Actual me: So I just need to say one thing…
[chameleon conference]
Boss: Is… everyone here?
*crickets*
Boss: I know Keith is. He brought the yummy crickets. Thx
Keith: You’re welcome
I envy the women who can bite their bottom lip and look sexy. I do that and it’s a toss up between “does she need to go to the bathroom and is lost?” Or “is she getting that piece of corn out from her teeth?”
If you have joint pain..
You’re probably holding it by the wrong end.
“Who Wants To Be a Millionaire?” would be a better show if the only contestants were billionaires.
Ugh but profoundly
[shark therapy]
“My girl dumped me & I haven’t eaten in days”There’s lots of fish in the sea
“Yeah but…actually that covers everything”
I was looking into party ideas for my twins 6th birthday and came across someone who does slime & glitter parties so I reported them to the police
H: So what’s the worst thing you’ve ever seen someone do?
Me: I watched a mother buy her son a harmonica.
If I had 3 wishes I’d spend them on my daughter.
Happiness, success and her very own little shithead who refuses to replace the TP roll.
just saw a guy and girl kissing at her car outside the bar and as he walked back to his car she goes “you promise you’ll break up with her today? you better” summer is so back
I received a basketball in the mail from Amazon. I haven’t played basketball in 20 years but apparently drunk me thinks I’m Michael Jordan.

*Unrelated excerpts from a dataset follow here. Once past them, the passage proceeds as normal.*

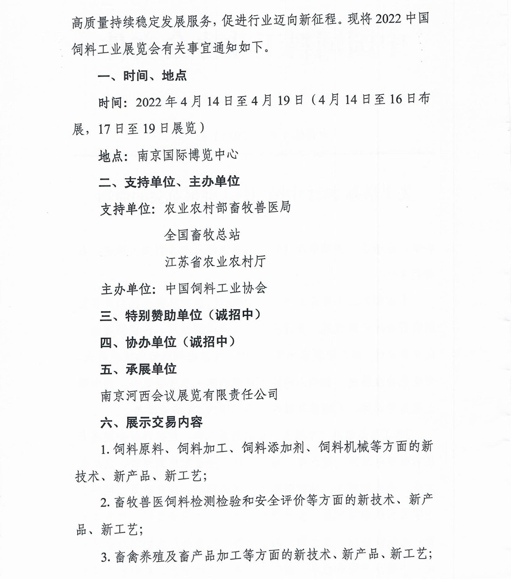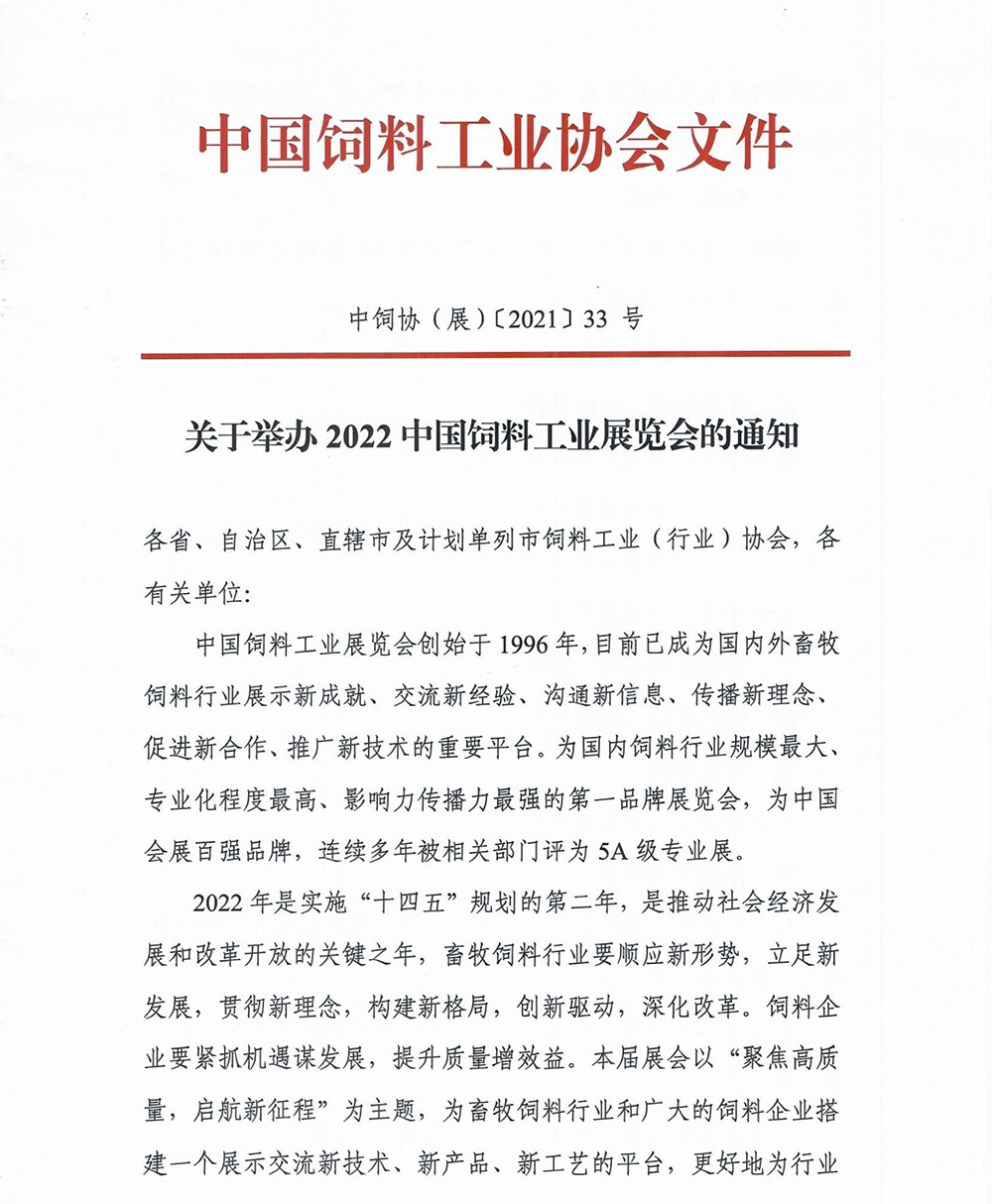 关于举办2022中国饲料工业展览会的通知
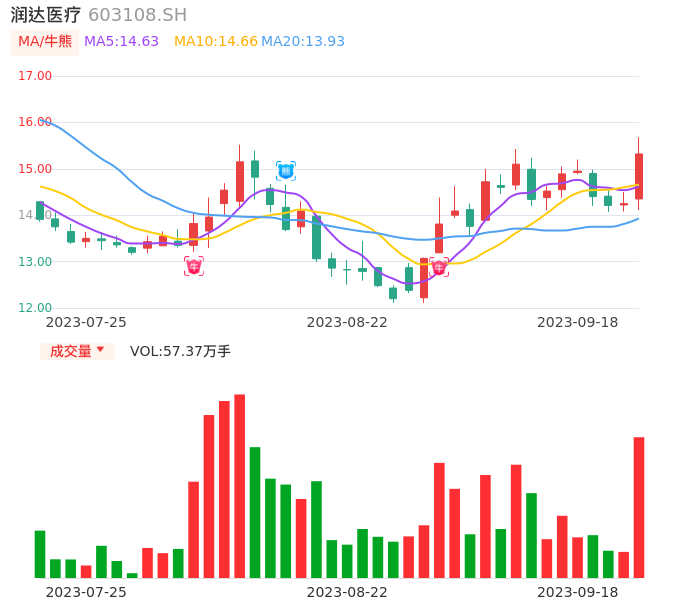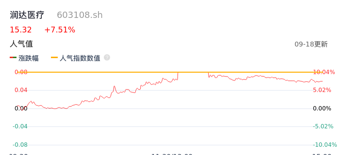 09月18日,润达医疗收报15.32,股价涨幅7.51%,成交金额8.69亿元,换手率9.90%。
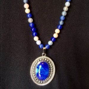 A beautifully detailed silver-toned pendant showcases a large blue oval resin cabochon stone lending a southwestern flair. The 3" pendant is displayed on a 36" beaded necklace featuring gorgeous blue agate beads, gray agate beads, and silver pewter beads. Additionally, a 3" extender adds versatility to the length of this lovely piece and is secured with a silver plated lobster clasp.
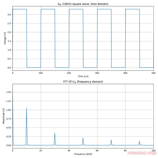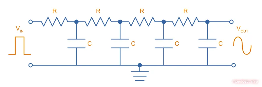 It’s also interesting to point out that the final output the sine wave has a DC offset of . This is because the DC component (average voltage) of the input square wave at duty cycle is . If you want to remove this bias, you can connect an AC coupling capacitor to the output to center the sine wave around .
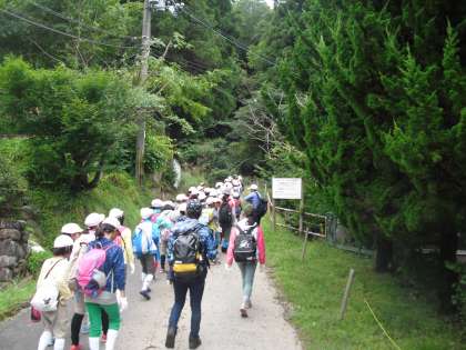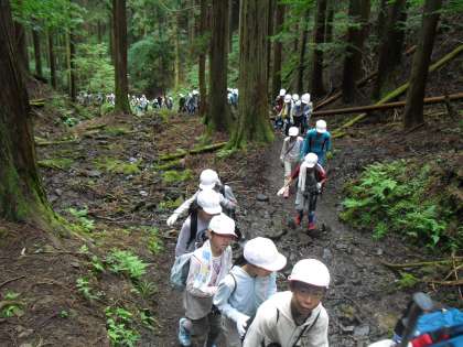 かなり距離のある登山コースでしたが,みな力を合わせて元気いっぱいで登ってきました。頂上付近からは京都市全域から大阪のほうまで景色が見渡せました。また下山途中の道からは反対側に滋賀県の琵琶湖や橋を見下ろすことができました。
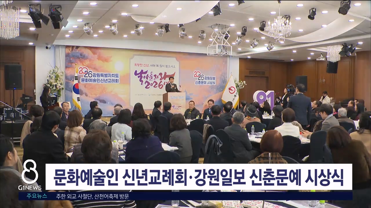 강원일보와 강원예총 등이 공동 주최한 '2026년 강원자치도 문화예술인 신년교례회'와 '강원일보 신춘문예 시상식'이 오늘(14일) 춘천 베어스호텔에서 열렸습니다.
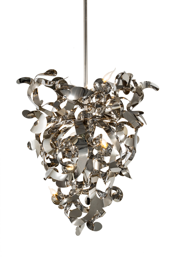 Frivolous and light-hearted, spirited and energetic; the arched and curved KELP dances through the air. The light sparkles warmly as in a crackling open fire, bringing an exhilarating sense to any space.
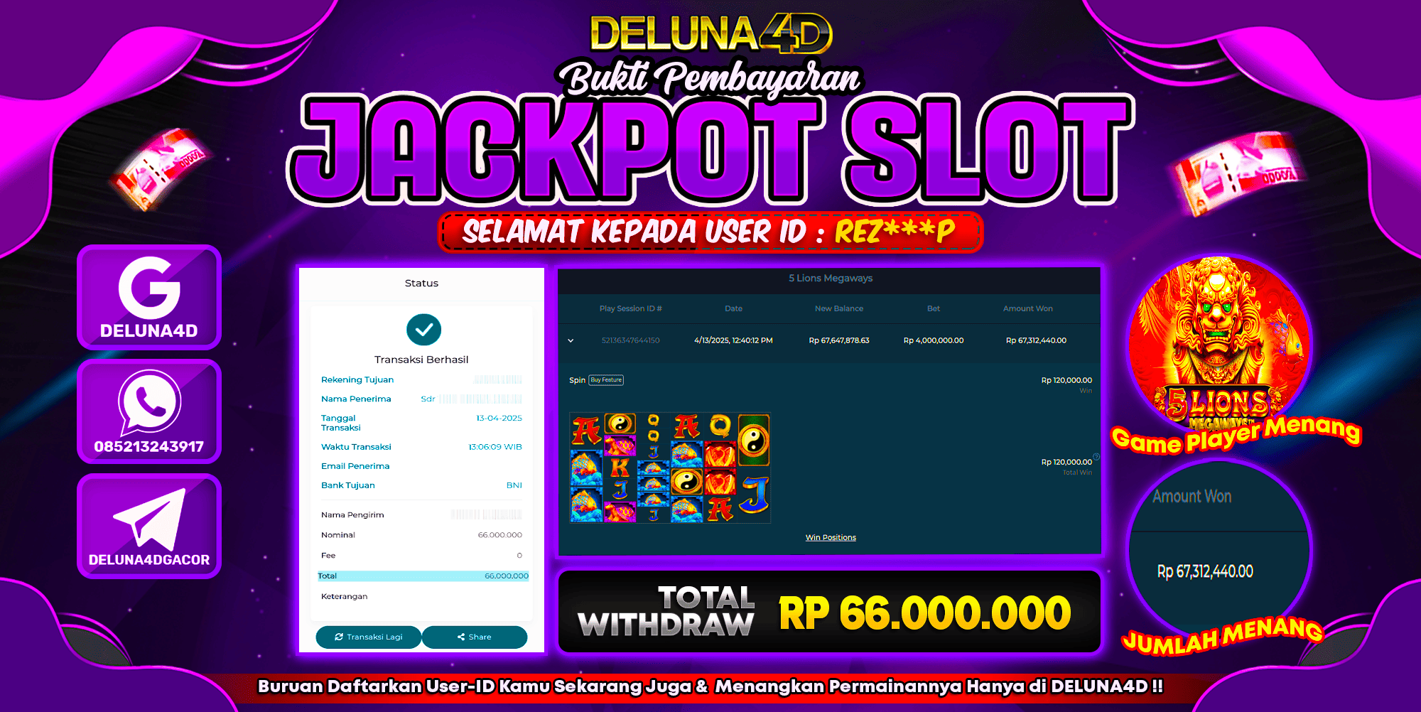 Selamat atas kemenangan User ID : REZ***P yang telah berhasil mendapatkan kemenangan di permainan SLOT 5 LIONS MEGAWAYS dengan kemenangan sebesar Rp66.000.000,- . Setelah mengisi formulir withdraw, hanya dalam jangka waktu 3 – 5 menitan tim layanan pelanggan DELUNA4D telah berhasil mengirimkan semua saldo kemenangan ke User ID tersebut.

PMS: Your eyes look empty.
ME: I feel great.
PMS: Better put mascara on.
ME: To look pretty?
PMS: To look crazy when I make you cry.
Indiana Jones and that one time he went to his actual job
I watched squirrels for like an hour and thought “they don’t do ANYTHING really” and then realized I watched squirrels for like an hour
“Having sex for money is bad because it is counterfeiting feelings” wow dude, I have bad news about every other customer service job ever
Firecrackers let you know how close drunk people are to your house.
I always sit in the middle stall so I have a bathroom buddy.